===== Records for the task
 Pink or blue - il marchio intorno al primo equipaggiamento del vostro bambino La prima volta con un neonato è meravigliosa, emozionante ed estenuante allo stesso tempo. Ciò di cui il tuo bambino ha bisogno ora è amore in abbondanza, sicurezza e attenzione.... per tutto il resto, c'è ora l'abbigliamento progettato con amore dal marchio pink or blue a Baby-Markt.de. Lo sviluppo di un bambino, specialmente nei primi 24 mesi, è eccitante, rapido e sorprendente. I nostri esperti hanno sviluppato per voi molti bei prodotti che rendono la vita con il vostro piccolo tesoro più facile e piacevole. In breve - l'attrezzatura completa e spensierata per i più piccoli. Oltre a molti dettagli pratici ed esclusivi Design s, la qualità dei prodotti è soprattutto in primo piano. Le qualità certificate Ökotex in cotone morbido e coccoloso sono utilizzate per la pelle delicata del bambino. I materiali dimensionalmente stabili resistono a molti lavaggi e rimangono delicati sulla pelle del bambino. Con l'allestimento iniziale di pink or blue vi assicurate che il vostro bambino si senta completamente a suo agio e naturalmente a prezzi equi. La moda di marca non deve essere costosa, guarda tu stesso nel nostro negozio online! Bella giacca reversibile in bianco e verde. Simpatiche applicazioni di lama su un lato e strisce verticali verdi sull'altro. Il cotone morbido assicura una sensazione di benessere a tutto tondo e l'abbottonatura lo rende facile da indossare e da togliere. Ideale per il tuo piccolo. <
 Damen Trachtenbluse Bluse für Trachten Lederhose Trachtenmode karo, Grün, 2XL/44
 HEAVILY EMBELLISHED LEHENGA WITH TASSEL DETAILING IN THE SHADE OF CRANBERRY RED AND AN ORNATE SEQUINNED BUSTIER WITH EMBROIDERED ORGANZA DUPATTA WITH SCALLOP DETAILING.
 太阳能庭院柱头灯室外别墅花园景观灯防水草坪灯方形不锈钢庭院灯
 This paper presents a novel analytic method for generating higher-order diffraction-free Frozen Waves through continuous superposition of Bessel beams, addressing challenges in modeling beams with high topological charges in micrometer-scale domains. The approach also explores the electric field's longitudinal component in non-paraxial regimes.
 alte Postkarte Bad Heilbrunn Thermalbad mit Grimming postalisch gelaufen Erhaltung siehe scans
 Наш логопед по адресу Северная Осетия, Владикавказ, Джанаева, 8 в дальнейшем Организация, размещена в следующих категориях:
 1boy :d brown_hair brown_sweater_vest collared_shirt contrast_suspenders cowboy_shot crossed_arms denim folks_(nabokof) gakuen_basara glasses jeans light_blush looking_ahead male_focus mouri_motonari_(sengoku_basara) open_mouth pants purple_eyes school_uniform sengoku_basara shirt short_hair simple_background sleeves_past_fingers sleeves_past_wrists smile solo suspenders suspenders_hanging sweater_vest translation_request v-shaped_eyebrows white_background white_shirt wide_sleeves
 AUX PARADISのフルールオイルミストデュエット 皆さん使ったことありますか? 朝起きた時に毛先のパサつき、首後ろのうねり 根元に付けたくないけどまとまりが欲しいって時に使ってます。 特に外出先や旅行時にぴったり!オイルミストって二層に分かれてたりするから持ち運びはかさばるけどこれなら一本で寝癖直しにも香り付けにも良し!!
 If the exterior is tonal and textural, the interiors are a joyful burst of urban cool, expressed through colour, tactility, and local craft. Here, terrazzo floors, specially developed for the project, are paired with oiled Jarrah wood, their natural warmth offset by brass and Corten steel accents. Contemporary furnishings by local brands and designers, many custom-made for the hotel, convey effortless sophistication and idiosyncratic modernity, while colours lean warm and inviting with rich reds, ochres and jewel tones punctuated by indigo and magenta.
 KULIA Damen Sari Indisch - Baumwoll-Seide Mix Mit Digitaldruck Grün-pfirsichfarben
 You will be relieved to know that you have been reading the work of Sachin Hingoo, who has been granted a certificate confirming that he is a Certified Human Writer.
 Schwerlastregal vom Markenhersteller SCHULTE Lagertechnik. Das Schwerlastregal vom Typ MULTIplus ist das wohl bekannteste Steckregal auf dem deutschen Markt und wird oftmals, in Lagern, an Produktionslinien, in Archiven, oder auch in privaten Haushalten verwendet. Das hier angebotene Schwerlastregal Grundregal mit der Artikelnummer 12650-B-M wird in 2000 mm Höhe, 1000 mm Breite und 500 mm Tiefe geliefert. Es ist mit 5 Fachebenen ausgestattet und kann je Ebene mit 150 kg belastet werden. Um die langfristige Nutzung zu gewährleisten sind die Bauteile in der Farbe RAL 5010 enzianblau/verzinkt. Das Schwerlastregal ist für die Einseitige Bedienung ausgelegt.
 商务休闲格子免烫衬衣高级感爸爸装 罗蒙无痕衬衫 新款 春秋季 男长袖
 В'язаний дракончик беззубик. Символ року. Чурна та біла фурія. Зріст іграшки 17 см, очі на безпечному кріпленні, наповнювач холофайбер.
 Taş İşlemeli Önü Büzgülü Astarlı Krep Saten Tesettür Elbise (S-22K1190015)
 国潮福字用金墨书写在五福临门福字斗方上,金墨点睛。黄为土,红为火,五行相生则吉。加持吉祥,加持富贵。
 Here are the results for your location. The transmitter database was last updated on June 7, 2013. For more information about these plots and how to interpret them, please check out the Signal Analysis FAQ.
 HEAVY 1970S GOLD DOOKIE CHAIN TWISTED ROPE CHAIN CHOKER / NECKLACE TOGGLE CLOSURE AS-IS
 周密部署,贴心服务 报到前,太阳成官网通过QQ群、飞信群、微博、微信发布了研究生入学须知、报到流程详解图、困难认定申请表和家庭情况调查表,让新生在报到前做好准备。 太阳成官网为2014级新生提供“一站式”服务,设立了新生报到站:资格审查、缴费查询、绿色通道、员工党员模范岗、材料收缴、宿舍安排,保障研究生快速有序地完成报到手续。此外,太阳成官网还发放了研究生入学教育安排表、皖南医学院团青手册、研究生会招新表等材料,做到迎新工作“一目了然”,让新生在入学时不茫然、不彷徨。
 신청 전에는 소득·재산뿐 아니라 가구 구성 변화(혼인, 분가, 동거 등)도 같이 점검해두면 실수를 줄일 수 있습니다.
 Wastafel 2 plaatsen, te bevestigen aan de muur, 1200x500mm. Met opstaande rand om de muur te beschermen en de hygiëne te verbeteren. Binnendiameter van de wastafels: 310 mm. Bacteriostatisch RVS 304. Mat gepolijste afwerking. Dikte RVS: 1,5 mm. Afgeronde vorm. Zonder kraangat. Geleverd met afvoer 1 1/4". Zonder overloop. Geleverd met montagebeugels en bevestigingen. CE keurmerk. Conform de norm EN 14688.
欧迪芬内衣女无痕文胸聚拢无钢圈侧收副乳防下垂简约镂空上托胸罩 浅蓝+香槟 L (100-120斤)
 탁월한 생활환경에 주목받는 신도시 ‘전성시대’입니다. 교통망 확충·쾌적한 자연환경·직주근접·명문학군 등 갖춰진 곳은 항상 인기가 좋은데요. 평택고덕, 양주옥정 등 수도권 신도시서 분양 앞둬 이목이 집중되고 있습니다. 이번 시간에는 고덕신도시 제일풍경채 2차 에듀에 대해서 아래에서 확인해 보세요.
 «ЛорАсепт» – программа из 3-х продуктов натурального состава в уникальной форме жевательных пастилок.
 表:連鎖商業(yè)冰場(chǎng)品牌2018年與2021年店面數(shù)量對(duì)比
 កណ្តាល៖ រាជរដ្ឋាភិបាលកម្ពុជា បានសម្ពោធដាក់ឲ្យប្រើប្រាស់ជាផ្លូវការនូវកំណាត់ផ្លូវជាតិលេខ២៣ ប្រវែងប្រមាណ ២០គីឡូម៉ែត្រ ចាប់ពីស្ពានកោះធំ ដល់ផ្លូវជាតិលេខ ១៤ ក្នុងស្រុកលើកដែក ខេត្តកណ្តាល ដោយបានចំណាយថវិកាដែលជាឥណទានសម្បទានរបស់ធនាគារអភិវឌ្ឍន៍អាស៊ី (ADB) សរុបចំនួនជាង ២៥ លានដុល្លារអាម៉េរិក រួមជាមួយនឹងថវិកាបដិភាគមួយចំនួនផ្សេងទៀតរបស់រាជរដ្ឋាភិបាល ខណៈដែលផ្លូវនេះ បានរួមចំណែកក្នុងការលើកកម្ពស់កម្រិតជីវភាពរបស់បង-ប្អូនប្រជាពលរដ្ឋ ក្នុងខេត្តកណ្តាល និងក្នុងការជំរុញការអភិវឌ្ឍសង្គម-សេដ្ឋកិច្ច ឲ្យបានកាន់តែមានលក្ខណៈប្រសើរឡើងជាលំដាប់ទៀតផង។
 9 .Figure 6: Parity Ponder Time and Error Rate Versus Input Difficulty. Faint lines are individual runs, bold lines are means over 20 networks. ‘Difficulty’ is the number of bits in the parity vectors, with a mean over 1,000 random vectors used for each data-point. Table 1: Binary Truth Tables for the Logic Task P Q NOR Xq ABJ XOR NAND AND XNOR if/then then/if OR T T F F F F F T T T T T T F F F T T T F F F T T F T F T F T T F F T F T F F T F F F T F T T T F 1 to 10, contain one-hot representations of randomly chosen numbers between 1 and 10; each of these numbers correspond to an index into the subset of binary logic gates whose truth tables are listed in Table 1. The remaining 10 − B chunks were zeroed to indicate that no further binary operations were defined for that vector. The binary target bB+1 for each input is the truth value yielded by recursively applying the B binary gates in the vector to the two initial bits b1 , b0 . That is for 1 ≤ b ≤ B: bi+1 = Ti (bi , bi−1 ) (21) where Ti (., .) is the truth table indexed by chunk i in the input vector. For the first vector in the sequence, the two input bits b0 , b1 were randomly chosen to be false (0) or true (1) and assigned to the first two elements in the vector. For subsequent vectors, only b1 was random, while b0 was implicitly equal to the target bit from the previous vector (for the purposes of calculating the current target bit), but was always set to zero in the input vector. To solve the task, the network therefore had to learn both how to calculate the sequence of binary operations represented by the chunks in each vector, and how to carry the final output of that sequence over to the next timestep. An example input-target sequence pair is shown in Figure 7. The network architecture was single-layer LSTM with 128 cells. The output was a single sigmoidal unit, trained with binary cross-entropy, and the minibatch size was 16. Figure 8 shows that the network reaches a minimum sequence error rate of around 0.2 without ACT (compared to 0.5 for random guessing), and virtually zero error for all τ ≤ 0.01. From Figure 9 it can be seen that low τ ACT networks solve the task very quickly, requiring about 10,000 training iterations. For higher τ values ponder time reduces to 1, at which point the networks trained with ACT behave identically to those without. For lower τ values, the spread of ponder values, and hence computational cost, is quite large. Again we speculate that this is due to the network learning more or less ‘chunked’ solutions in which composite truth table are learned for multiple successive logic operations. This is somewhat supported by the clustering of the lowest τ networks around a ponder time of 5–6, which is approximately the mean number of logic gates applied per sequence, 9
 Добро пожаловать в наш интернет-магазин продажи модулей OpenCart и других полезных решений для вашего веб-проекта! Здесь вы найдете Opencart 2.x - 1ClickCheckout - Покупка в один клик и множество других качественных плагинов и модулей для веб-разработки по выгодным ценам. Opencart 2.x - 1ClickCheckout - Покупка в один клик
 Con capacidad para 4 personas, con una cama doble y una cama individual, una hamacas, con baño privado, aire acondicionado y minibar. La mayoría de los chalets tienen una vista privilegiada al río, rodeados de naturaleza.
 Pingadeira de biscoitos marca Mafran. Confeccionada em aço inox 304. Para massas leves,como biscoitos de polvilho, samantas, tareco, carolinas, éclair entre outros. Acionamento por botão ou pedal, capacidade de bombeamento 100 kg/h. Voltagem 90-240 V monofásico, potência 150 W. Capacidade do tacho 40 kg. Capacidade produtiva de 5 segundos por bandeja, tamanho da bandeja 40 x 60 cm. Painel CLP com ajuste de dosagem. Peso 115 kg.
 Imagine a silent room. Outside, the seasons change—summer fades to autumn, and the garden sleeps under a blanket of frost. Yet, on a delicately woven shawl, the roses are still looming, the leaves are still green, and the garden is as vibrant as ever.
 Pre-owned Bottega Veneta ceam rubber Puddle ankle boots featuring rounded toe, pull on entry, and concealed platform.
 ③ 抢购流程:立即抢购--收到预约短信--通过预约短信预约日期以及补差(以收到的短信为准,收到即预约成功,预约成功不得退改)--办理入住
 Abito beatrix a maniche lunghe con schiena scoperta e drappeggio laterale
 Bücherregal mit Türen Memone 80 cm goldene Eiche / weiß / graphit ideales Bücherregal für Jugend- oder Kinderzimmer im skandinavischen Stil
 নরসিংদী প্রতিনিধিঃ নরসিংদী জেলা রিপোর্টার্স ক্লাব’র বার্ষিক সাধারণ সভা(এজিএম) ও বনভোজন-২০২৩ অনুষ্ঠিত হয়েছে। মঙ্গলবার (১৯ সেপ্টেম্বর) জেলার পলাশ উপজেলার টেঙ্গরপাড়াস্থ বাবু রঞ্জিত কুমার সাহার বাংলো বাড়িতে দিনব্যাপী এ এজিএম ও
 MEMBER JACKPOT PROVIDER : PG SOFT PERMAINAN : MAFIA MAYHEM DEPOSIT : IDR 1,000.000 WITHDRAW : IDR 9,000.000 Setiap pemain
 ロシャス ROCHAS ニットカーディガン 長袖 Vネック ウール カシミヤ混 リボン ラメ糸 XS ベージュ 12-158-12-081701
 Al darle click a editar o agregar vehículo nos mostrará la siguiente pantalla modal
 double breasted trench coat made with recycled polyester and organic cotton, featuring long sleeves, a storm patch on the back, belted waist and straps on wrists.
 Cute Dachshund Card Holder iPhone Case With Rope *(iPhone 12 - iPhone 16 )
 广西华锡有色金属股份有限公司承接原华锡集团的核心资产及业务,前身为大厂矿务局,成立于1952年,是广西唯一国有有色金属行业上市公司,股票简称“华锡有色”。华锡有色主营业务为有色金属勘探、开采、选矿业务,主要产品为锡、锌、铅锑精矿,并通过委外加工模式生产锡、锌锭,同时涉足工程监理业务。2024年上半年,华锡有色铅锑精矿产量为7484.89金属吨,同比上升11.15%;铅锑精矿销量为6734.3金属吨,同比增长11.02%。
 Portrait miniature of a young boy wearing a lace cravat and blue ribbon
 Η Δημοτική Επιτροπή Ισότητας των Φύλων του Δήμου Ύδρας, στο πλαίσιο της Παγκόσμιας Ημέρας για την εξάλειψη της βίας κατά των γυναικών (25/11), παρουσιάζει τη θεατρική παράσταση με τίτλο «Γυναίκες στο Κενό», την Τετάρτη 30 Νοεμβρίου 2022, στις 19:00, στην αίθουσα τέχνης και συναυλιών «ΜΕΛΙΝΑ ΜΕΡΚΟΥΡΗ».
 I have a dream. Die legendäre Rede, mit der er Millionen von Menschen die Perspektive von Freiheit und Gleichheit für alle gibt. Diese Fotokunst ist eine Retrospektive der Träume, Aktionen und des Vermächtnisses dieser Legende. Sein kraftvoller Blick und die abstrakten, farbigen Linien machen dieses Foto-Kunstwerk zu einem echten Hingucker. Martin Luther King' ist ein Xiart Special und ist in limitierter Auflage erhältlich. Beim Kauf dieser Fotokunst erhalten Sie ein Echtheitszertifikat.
==========
● **Aim of the exercise**
From the material above, set down exactly the lines starting at the one with "Bücherregal mit Türen" and ending at the one with "double breasted trench", end lines included.

● **Response area**
 Bücherregal mit Türen Memone 80 cm goldene Eiche / weiß / graphit ideales Bücherregal für Jugend- oder Kinderzimmer im skandinavischen Stil
 নরসিংদী প্রতিনিধিঃ নরসিংদী জেলা রিপোর্টার্স ক্লাব’র বার্ষিক সাধারণ সভা(এজিএম) ও বনভোজন-২০২৩ অনুষ্ঠিত হয়েছে। মঙ্গলবার (১৯ সেপ্টেম্বর) জেলার পলাশ উপজেলার টেঙ্গরপাড়াস্থ বাবু রঞ্জিত কুমার সাহার বাংলো বাড়িতে দিনব্যাপী এ এজিএম ও
 MEMBER JACKPOT PROVIDER : PG SOFT PERMAINAN : MAFIA MAYHEM DEPOSIT : IDR 1,000.000 WITHDRAW : IDR 9,000.000 Setiap pemain
 ロシャス ROCHAS ニットカーディガン 長袖 Vネック ウール カシミヤ混 リボン ラメ糸 XS ベージュ 12-158-12-081701
 Al darle click a editar o agregar vehículo nos mostrará la siguiente pantalla modal
 double breasted trench coat made with recycled polyester and organic cotton, featuring long sleeves, a storm patch on the back, belted waist and straps on wrists.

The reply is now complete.